L'afide lanigero (Eriosoma lanigero) rappresenta una problematica sempre più diffusa e di difficile contenimento. Anche per la produzione biologica sta diventando un fattore limitante, arrivando talvolta a determinare l'estirpo di interi meleti ormai non più produttivi. Tuttavia, gli ultimi inverni, tendenzialmente più miti, ne stanno facilitando lo svernamento anche a livello di chioma. Le temperature di fine stagione (settembre-ottobre), registrate altresì mediamente più elevate, stanno determinando un prolungamento sia della messa a riposo delle piante, sia dell'attività del fitofago, il quale viene spesso osservato nel corso delle operazioni di raccolta. È stato inoltre osservato come il suo limitatore naturale, l'imenottero parassitoide Aphelinus mali, arrivi nel meleto troppo tardi (da metà giugno), ovvero quando i danni sono già in parte compiuti. A questi fattori, si sommano poi la riduzione di principi attivi disponibili, le distanze d'impianto sempre più ridotte e le pratiche agronomiche non razionali, che favoriscono ulteriormente lo sviluppo del parassita.

L'attività sperimentale svolta si è posta come obiettivo la valutazione dell'efficacia di strategie di difesa alternative mediante interventi, in autunno e d'inverno, con principi attivi comunemente utilizzati per la difesa del melo (ad esempio fosmet, olio minerale, eccetera) e l'impiego in post fioritura della Beauveria bassiana (Naturalis) recentemente registrata contro l'avversità. I risultati emersi hanno evidenziato un'efficacia parziale dei trattamenti realizzati, rilevando un rallentamento dell'attività del fitofago, ma non un suo completo controllo. Da qui la necessità di integrare tra loro i mezzi tecnici a disposizione con una razionale gestione agronomica delle piante, una corretta programmazione dei prodotti ancora disponibili e la tutela dei predatori o dei parassitoidi naturali.


Forficula e lecanio del pesco: fitofagi emergenti della frutticoltura piemontese

Il ricercatore Alessandro Bevilacqua ha chiuso la mattinata con un intervento su due problematiche emergenti del pesco: la forficula e la cocciniglia a barchetta (Lecanio), ponendo l'attenzione su quelle che sono le principali misure preventive di contenimento attualmente disponibili.

Nel corso della campagna 2021 questi due insetti hanno determinato un danno significativo in molti pescheti. La forficula ha colpito principalmente le varietà precoci (Big top, eccetera), ma sono state segnalate perdite di prodotto anche su quelle a maturazione intermedia (Alitop, eccetera). La presenza del dermattero è in continua crescita in Piemonte e la situazione è preoccupante, sia su albicocco sia su pesco. Gli ultimi inverni più miti ne hanno favorito la sopravvivenza e la recente revoca dell'unica esca granulare registrata ha reso ancora più difficoltoso il suo contenimento.
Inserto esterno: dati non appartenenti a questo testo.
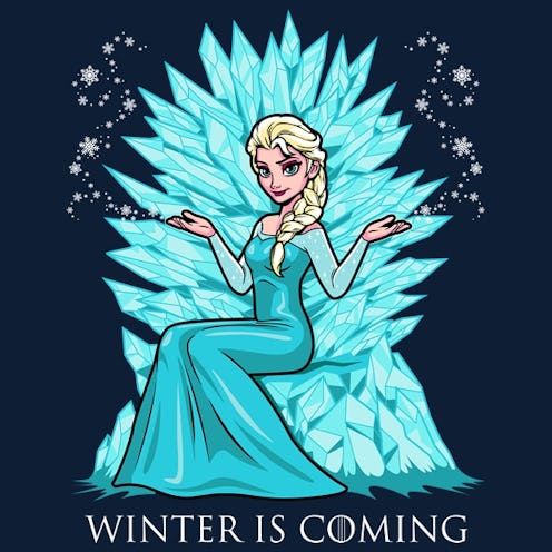 I mean... winter IS coming to the Realm of Westeros and who better to rule that Iron Throne than someone who's never really bothered by the cold at all? That's right, the Frozen and Game of Thrones mash-up you never knew you wanted or needed is here, in t-shirt form, thanks to the folks at Neatorama. Which means you can buy it! You can literally wear this on your person (if you're so inclined for such fandom mash-ups), and it's visual proof that Elsa would be a totally great ruler of the world George R.R. Martin created in his A Song of Ice and Fire series. And we've got the examples to prove it.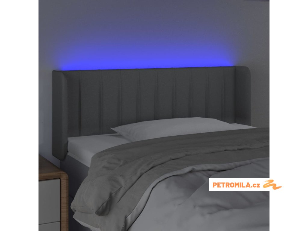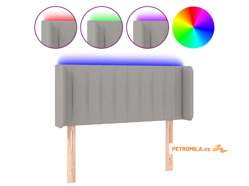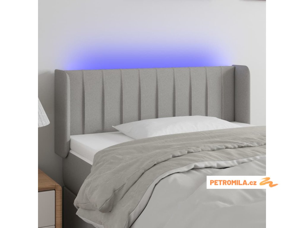 Čelo postele s LED světle šedé 83 x 16 x 78/88 cm textil

Dopo aver esposto i risultati relativi alle indagini bioetologiche e alla valutazione di efficacia delle lavorazioni del suolo, con interventi autunnali e primaverili per il contenimento del fitofago, il ricercatore ha proseguito il suo intervento spiegando l'attività di monitoraggio condotta. Si è evidenziato che la comparsa dei giovani in quantità significative avviene da metà maggio (quando inizia la risalita sul tronco delle piante da frutto), mentre la comparsa degli adulti indicativamente da metà giugno. La lavorazione del terreno realizzata nell'autunno 2020 (ottobre) e nella primavera 2021 (aprile), a differenza di quanto osservato in passato in prove sperimentali analoghe, non ha determinato una riduzione significativa della popolazione del dermattero, e richiede ulteriori approfondimenti, soprattutto relativamente al momento di intervento.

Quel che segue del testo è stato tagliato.